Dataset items
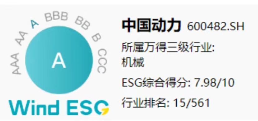 近日,知名權(quán)威ESG評級機構(gòu)萬得(Wind)更新了中船集團旗下中國動力最新一期的ESG評級結(jié)果,中國動力憑借在ESG領(lǐng)域的實踐和成效,榮獲“A”級評級,綜合得分在機械行業(yè)561家上市公司中位居第15位。
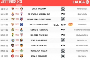 體育資訊1月29日訊 西甲官方公布了第24輪比賽的開球時間,2月15日4點(diǎn)皇馬vs皇家社會,2月17日4點(diǎn)赫羅納vs巴薩。
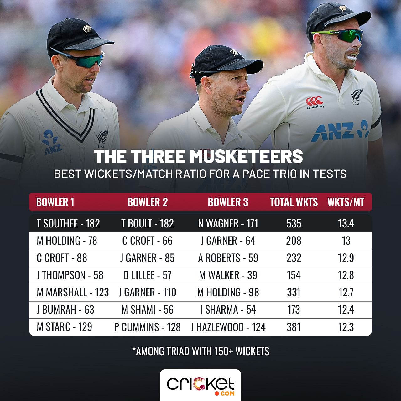 -The trio of Southee, Trent Boult, and Neil Wagner have bagged 535 wickets while bowling together. These are the third-most by a pace trio. James Anderson, Stuart Broad, and Ben Stokes lead the list with 568.
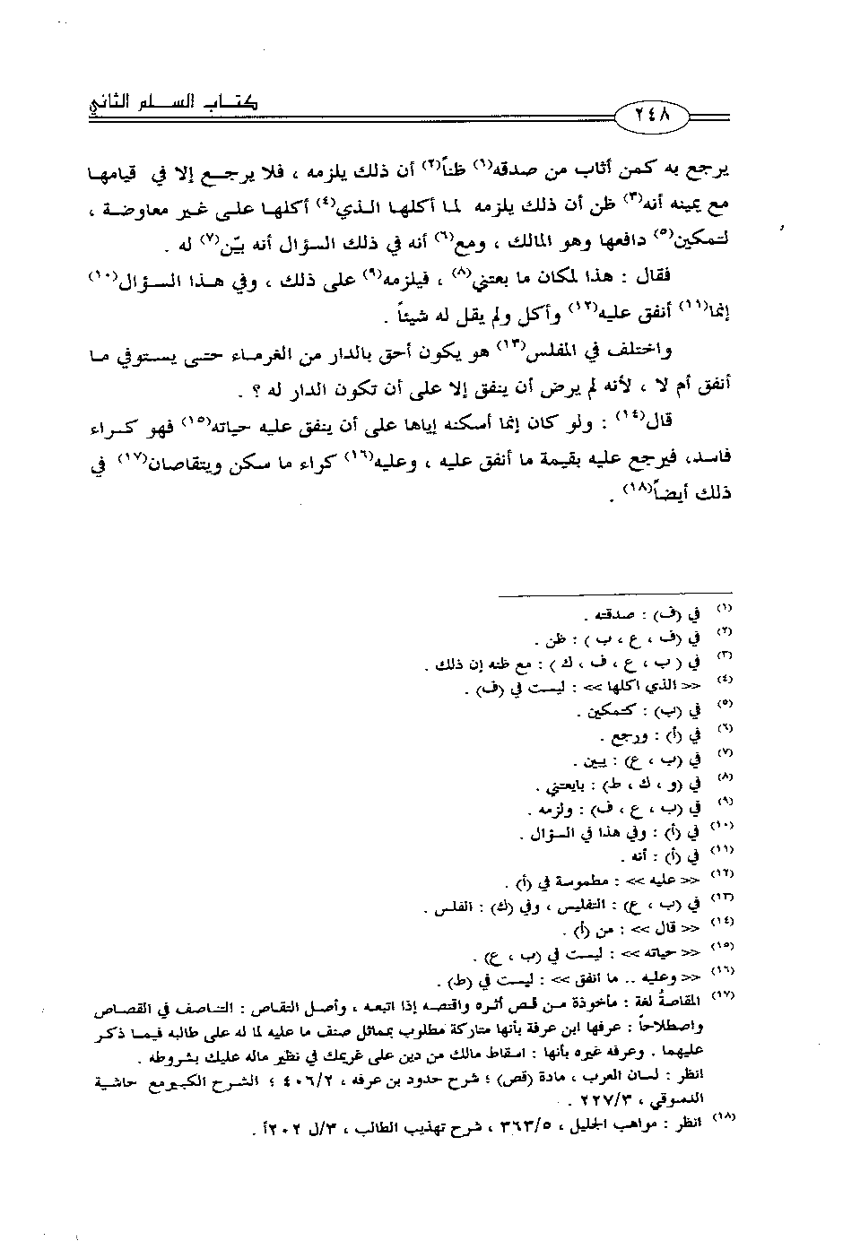 واختلف في المفلس هو يكون أحق بالدار من الغرماء حتى يستوفي ما أنفق أم لا، لأنه لم يرض أن ينفق إلا على أن تكون الدار له؟
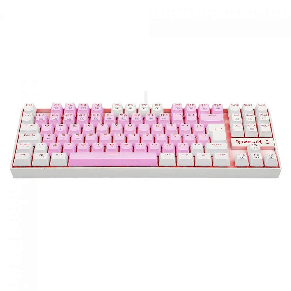 Teclado Mecânico Gamer Redragon Kumara LED Red Switch Brown ABNT2 Rosa e Branco
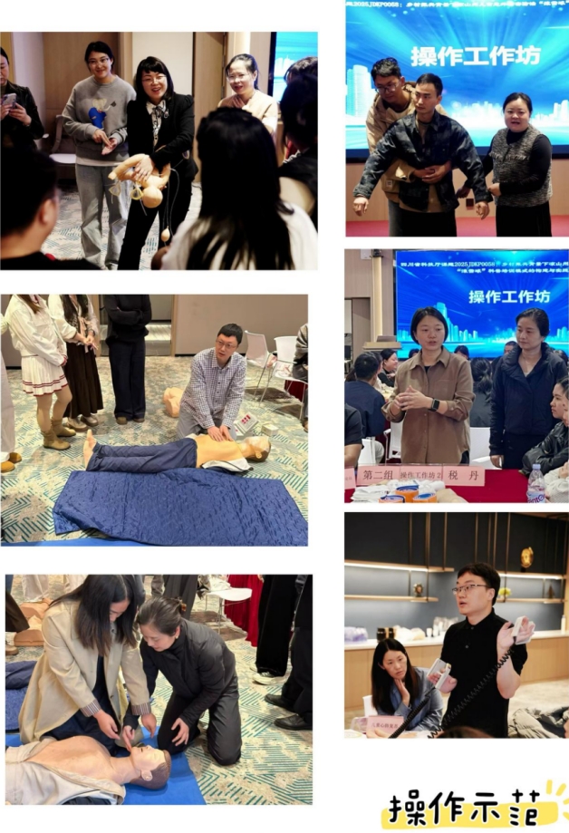 培训采用小班体验式教学,包括线上线下理论+操作工作坊相结合的方式。理论培训邀请到了国内相关领域专家包括全球儿童安全组织中国区首席代表崔彦民教授、儿童心理治疗室顾蕾教授,聚焦于儿童意外伤害发生的特点、未成年人保护法、儿童心理特点及常见意外伤害类型(如溺水、跌落、中毒 、异物梗塞等 ) 的预防措施共10堂理论授课,让学员深刻、系统领会儿童意外伤害防治及科普要点;线下操作工作坊实操由项目负责人四川省妇幼保健院护理部贺晓春主任、急诊科谢成主任、门诊部税丹护士长、小儿外科吴优护士长,急诊科李俊生副主任护师、西昌市妇幼保健院赖明月护士长担任师资,围绕海姆立克急救法、儿童心肺复苏术、创伤止血与骨折固定法,让学员们循环接受三大核心急救技能的手把手教学,通过循环演练与实操和专家们的细致讲解、规范示范,确保每位学员都能深入、全面地学习和掌握三项关键急救技术。学员们积极参与、反复练习,现场学习氛围浓厚热烈。

Problem statement: The line holding "واختلف في المفلس" starts the copy and the line holding "Teclado Mecânico Gamer" ends it. Repeat those two lines above and all between them exactly, leaving out pictures.

Written answer:
 واختلف في المفلس هو يكون أحق بالدار من الغرماء حتى يستوفي ما أنفق أم لا، لأنه لم يرض أن ينفق إلا على أن تكون الدار له؟
 Teclado Mecânico Gamer Redragon Kumara LED Red Switch Brown ABNT2 Rosa e Branco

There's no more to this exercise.